You have a 5:30 am flight out of Pearson (15 hours after #2's scheduled arrival of 2:29 pm)? Which means you ought to get to Pearson by 3:30 or 4 am. It isn't a totally safe bet, but chances are very, very good you'll make it, barring CN putting another oil train on the ground again. You might not get much in way of a good night's sleep before your flight, though.

I have a similar concern, which is why I am tracking the train's performance. I am taking the 8:15 am Maple Leaf the next morning on my upcoming trip in November, so I will have about 18 hours.

As noted, there are no outlets in the sections. Don't know about the Skylines, never looked. Lots of outlets in the non-dome areas of the Prestige Park. There is an outlet in the bathroom right next to the sections. I've seen chargers in there (I use the section bathroom at night when I don't want to fool with the bed in my roomette).

PS - If you do have a 5:30 am flight, the Union-Pearson Express, the best and most reasonable way to get out to Pearson from downtown Toronto, doesn't run between 1 am and 4:55 am.


----------



## Chessie (Jun 6, 2019)

I just double checked my ticket and it says:

Car 222 unit 03L 

Is there a way to tell if car 222 is closer to the front or the tail end of the train? Manor or Chateau? Also anyone knows if berth 03L is at the same side of the Cabin for 2’s? 

I would like to call VIA to move to a manor car toward the tail but I would want to know which car number to ask.


----------



## Chessie (Jun 6, 2019)

zephyr17 said:


> Yesterday, #2 arrived after 8 pm, which is the worst I've seen on the new schedule. I have been tracking it as I have a similar concern, being booked on the Maple Leaf the following morning at 8:15. It had been over 12 hours at some points in the journey, but the schedule is hugely padded. Under the 2 most recent schedules, the train is no longer routinely 24 hours or more late as it was before they introduced last summer's schedule.
> 
> You have a 5:30 am flight out of Pearson (15 hours after #2's scheduled arrival of 2:29 pm)? Which means you ought to get to Pearson by 3:30 or 4 am. It isn't a totally safe bet, but chances are very, very good you'll make it, barring CN putting another oil train on the ground again. You might not get much in way of a good night's sleep before your flight, though.
> 
> ...



My transborder flight is at 10 am the next day which means I will need to be at the airport around 7 am which means I need to be at the Union Station for the UP express around 6 am, or 6:30 am the latest, which gives me 15 hours of cushion. I am hoping for the best but mentally prepared for the worst. 

As for the outlets I am thinking since I will have access to coach cars I will find an empty seat after the train empties out after the Rockies to charge the electronics. Not sure it’s a feasible solution.


----------



## zephyr17 (Jun 6, 2019)

Ah, OK, you were basing the 15 hours for departure from Union Station, not the flight. The 15 hours makes more sense then, I was thinking that was an awfully early flight. Your time frame is only a couple hours different than mine. I'm risking it.

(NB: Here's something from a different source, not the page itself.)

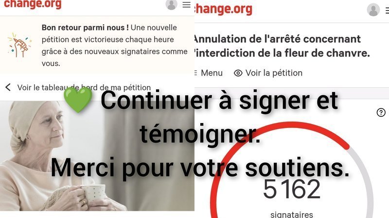 Actualización sobre la peticiónAnnulation de l'arrêté concernant l'interdiction de la fleur de chanvre.Merci à vous!
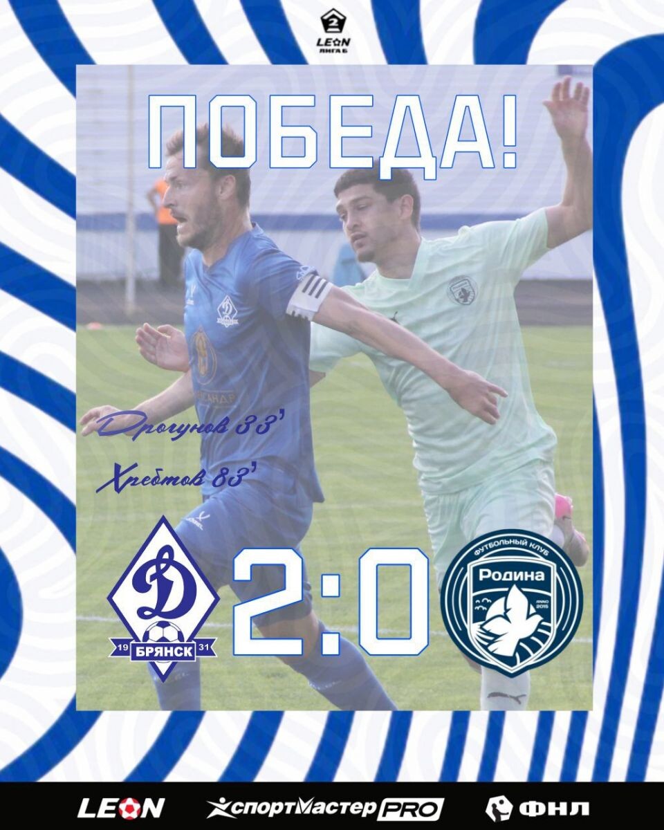 Завершился матч Второй Лиги, Дивизиона Б, между командами “Динамо-Брянск” и “Родина-М”. Брянские динамовцы одержали победу со счетом 2:0. Первый гол в матче был забит на 33-й минуте Дмитрием Дрогуновым. Во втором тайме, на 83-й минуте, преимущество “Динамо” закрепил Александр Хребетов. Благодаря этой победе “Динамо-Брянск” поднялось на вторую строчку в турнирной таблице. “Родина-М”, в свою очередь, остается на 9-м месте. Следующий матч “Динамо-Брянск” проведет 26 июня в 18:00 против “СКА-Хабаровск 2” (6+).

Depending on where you are sitting, coach could be a long trek, there are usually only a coach or two at the front of the train, not sure how much it'll empty out, many people up there will be local passengers. IMHO, you're best bet is to bring a power strip and use the outlet in the bathroom next to your section and let others partake of your power strip. There are only 3 sections, at most 6 passengers in berths, including you, in the car.


----------



## Trogdor (Jun 6, 2019)

When I took the Canadian a couple months ago, they had charger outlets in the lower level of the Skyline car next to my sleeper.


----------



## zephyr17 (Jun 6, 2019)

Sorry, don't know about the side the berth is on. Looked at the Manor car diagram on the VIA website, but it only has the accommodation identifiers for the Cabins for 2 on the chart. The Chateau diagram has the numbers for the roomettes and the sections, and the section numbering on those is the opposite side from the roomette numbering.

They switched the Sleeper Plus sleeper car line number order from front to back to back to front last year. The rearmost sleeper is 210, so 222 should be pretty far forward. I am in 212 for my trip, I tried for 210 but the roomettes are full in 210.

Most sleepers on the Canadian are Manors. Chateaus are the exception, but they do show up, particularly in high season. VIA will know whether your car is a Manor or a Chateau. I travel in roomettes, and I hate the Chateau roomettes. Berths didn't look any different between the two to me.


----------



## Urban Sky (Jun 7, 2019)

I've been tracking the on-time performance of the Canadian with (publicly accessible) data from VIA's reservation system since January 2018 and the timetable changes had the following effect:


Source: compiled from VIA Rail website (by manually changing the date stamp in URL)
Data divided by timetable periods, as follows: 2018/01/01-2018/07/24 for "2018", 2018/07/26-2019/04/27 for "2018/2019" and since 2019/04/29 for "Summer 2019" (dates provided for the scheduled departure day at the train's origin, i.e. Toronto for train 1 and Vancouver for train 2).

The 10 worst delays for train 2 arriving in Toronto have been since the first timetable change on 2018/07/26 (shown are the arrival times, as recorded on ReserVIA):
#1: 06:47 (2018/10/07)
#2: 05:05 (2019/02/15)
#3: 03:13 (2019/02/26)
#4: 02:43 (2019/01/04)
#5: 00:23 (2019/02/23)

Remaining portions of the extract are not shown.